Google verkauft seine Chromebooks in den Läden der Kette BestBuy.

Google verkauft seine Chromebooks in den Läden der Kette BestBuy.  |  © KIMIHIRO HOSHINO/AFP/GettyImages

"Eine extrem verlässliche Quelle" hat dem Blog 9to5Google.com gesagt, das Unternehmen Google wolle eigene Geschäfte eröffnen. Bereits in der kommenden Weihnachtszeit soll es demnach mehrere Flagship-Stores in den großen US-Metropolen geben, in denen Google seine Hardware verkaufen wolle. Weder der Zeitpunkt noch die Begründung erscheint wirklich sinnvoll.
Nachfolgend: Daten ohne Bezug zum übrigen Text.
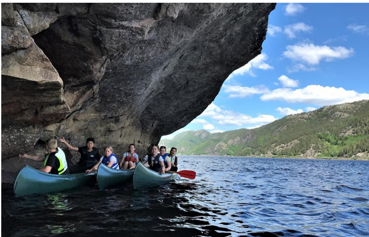
Elevar på kanotur ved Skipheddaren.

Åseral skal vera ein attraktiv kommune for fastbuande og tilreisande. Kommunen har i overkant av 900 innbyggjarar og om lag 2500 fritidsbustader. Desse er i hovudsak knytt til utbyggingsområda i Eikerapen, Ljosland og Bortelid. Tilrettelegging for kommunen sine innbyggjarar og tilreisande må ein sjå i ein samanheng. Det må vere eit mål for anleggsutbygginga å ha rekreasjonsområde og anlegg tilrettelagt for eit mangfald av aktivitetar heile året og for ulike aldersgrupper.
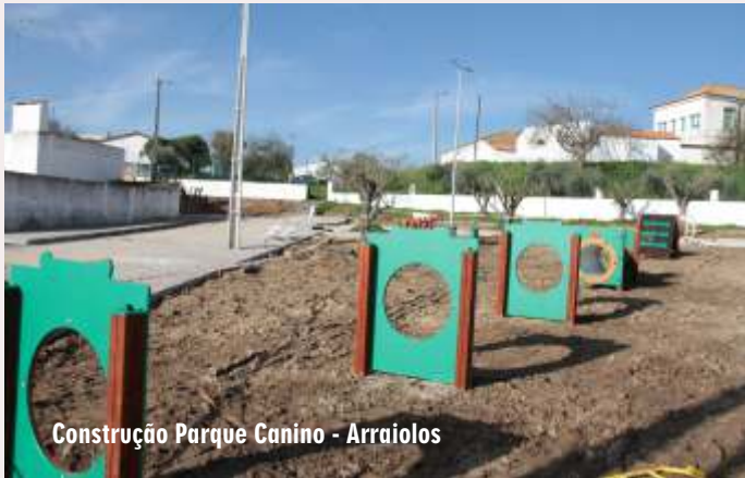
Construção Parque Canino - Arraiolos

Der Anlass sei Google Glass, heißt es in dem Bericht. Die kommende Google-Brille sei ein neuartiges Gadget, das kein Mensch kaufe, ohne es vorher ausprobiert zu haben. Außerdem habe Google ja noch weitere Produkte im Sortiment, die in einen solchen Laden passen würden: die Chromebooks sowie die Smartphones und Tablets der Nexus-Reihe.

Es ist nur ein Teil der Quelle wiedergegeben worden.